= Gavra Avramov =

Serbian politician

Gavra Avramov (Гавра Аврамов; born 1956) is a politician in Serbia. He served in the Assembly of Vojvodina from 2012 to 2020 as a member of the Social Democratic Party of Serbia (SDPS).

==Private career==
Avramov is from Ravno Selo in the municipality of Vrbas, Vojvodina. He is a graduated mechanical engineer. Avramov was the director of Novkabel for a number of years (having first been appointed on an interim basis in 2003) and later became director of the company Monet G.

==Politician==
The SDPS contested the 2012 Vojvodina provincial election on an electoral list led by the Socialist Party of Serbia. Avramov was given the ninth position on the list and was elected when it won exactly nine mandates. The election was won by the Democratic Party and its allies, and the SDPS served in opposition for the next four years.

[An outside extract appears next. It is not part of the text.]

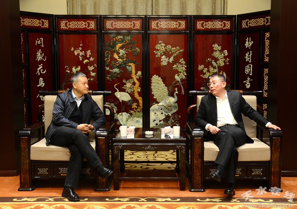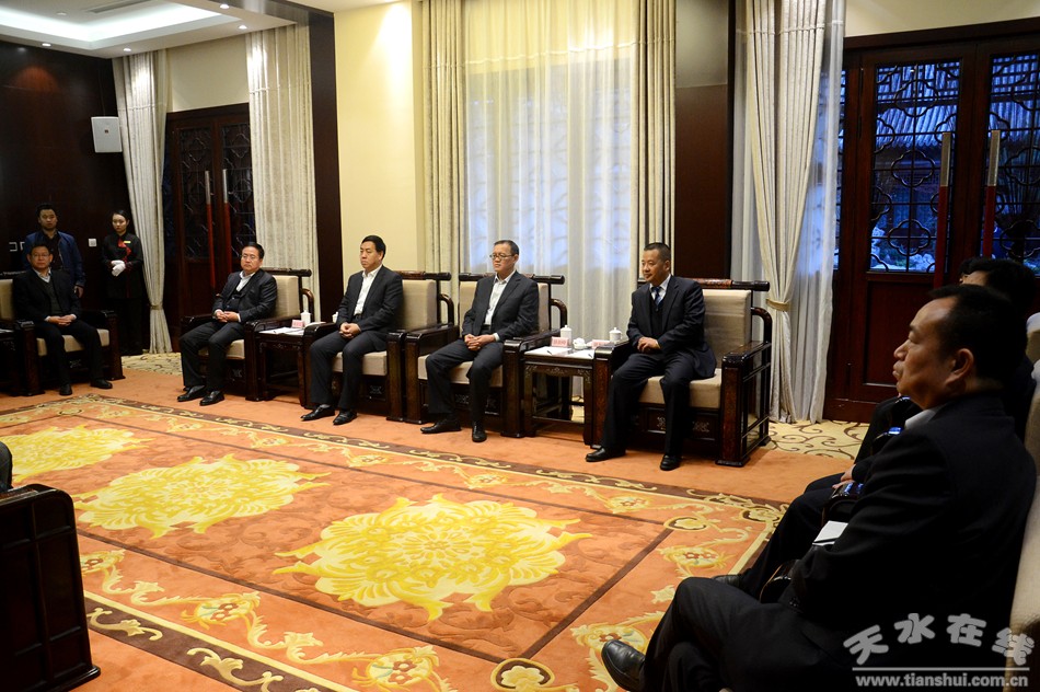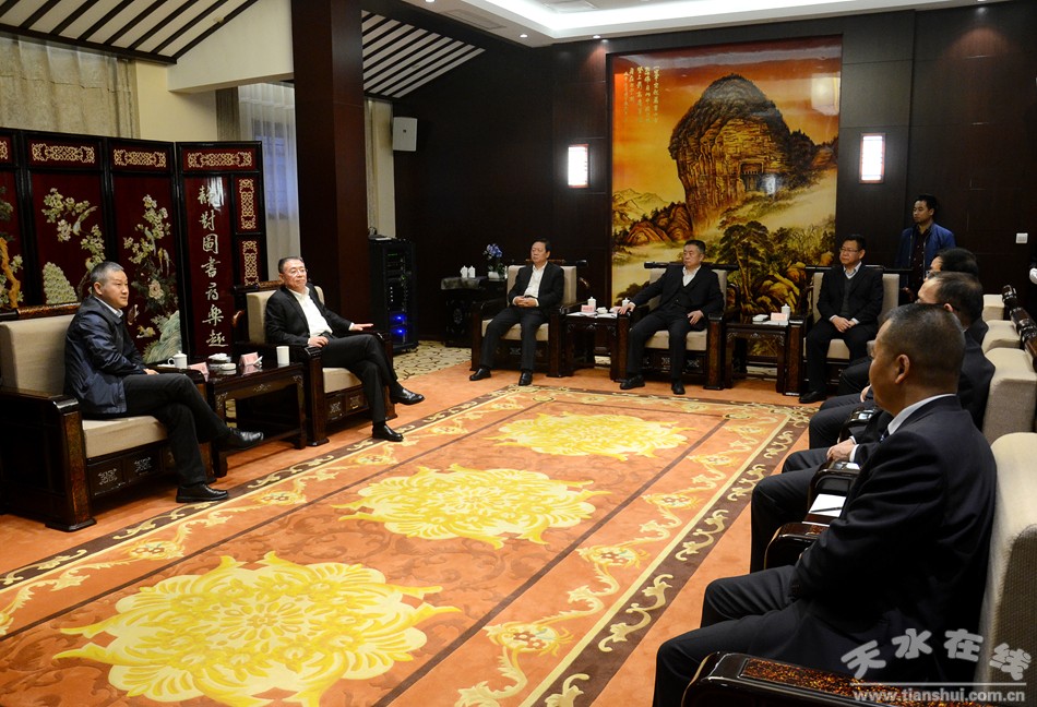 天水市委常委、市委秘书长蒋晓强,副市长张建杰,市政府秘书长逯克宗一同会见。 |

For the 2016 provincial election, the SDPS joined the electoral alliance of the Serbian Progressive Party. Avramov received the thirtieth position on the Progressive-led Aleksandar Vučić – Serbia Is Winning list and was re-elected when it won a majority victory with sixty-three out of 120 mandates. He served as a government supporter for the next four years and did not seek re-election in 2020.